▶ INFORMATION GIVEN
**********

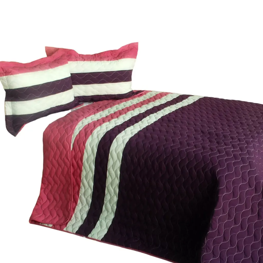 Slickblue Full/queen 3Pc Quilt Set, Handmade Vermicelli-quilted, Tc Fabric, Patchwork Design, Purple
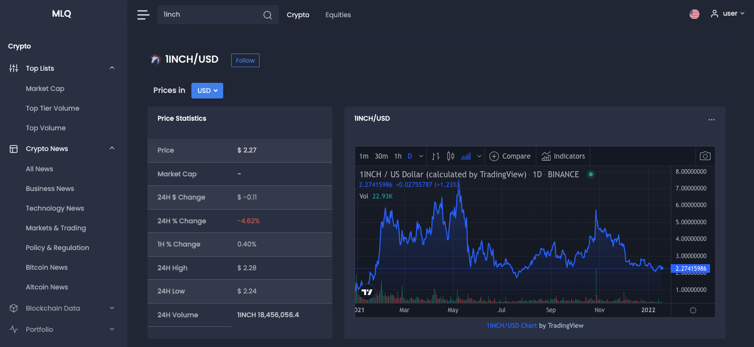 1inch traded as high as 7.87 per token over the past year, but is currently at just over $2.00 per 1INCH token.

**********

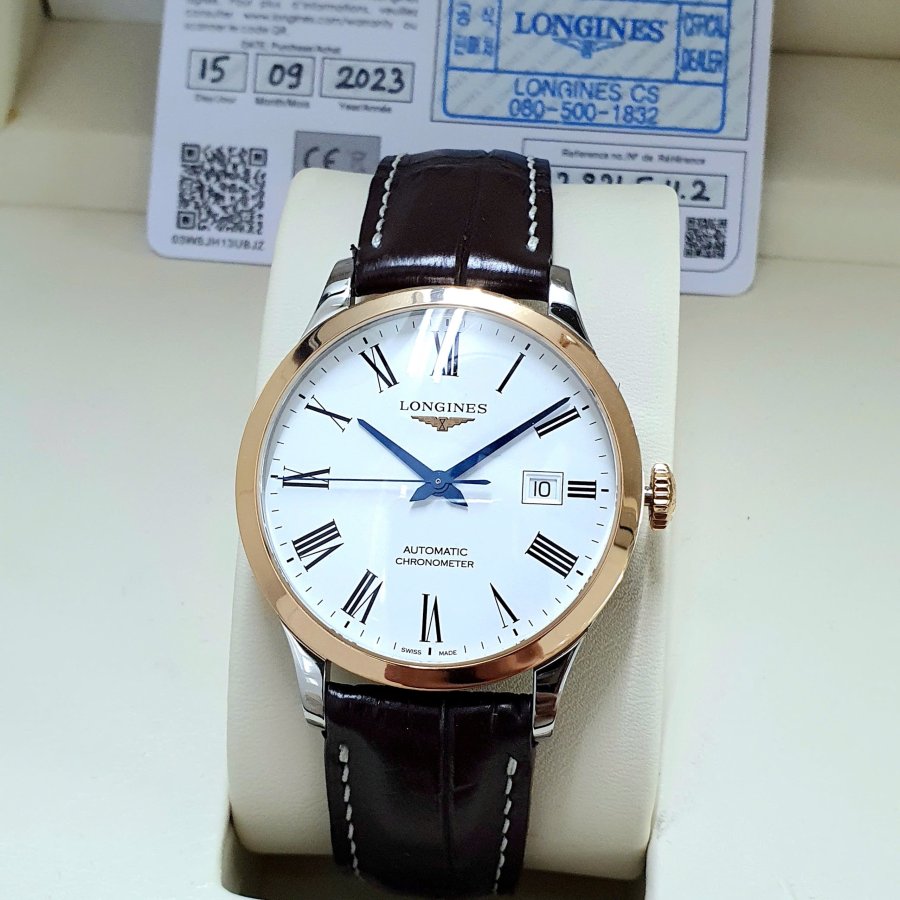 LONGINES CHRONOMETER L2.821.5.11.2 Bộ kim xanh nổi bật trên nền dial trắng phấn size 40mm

**********

▶ WORK INSTRUCTIONS
Output exactly, and only, the lines of the entries above from the one with "Slickblue Full/queen 3Pc" up to and including the one with "1inch traded as"; pictures are to be left out.

▶ RESPONSE FOR THIS EXERCISE
 Slickblue Full/queen 3Pc Quilt Set, Handmade Vermicelli-quilted, Tc Fabric, Patchwork Design, Purple
 1inch traded as high as 7.87 per token over the past year, but is currently at just over $2.00 per 1INCH token.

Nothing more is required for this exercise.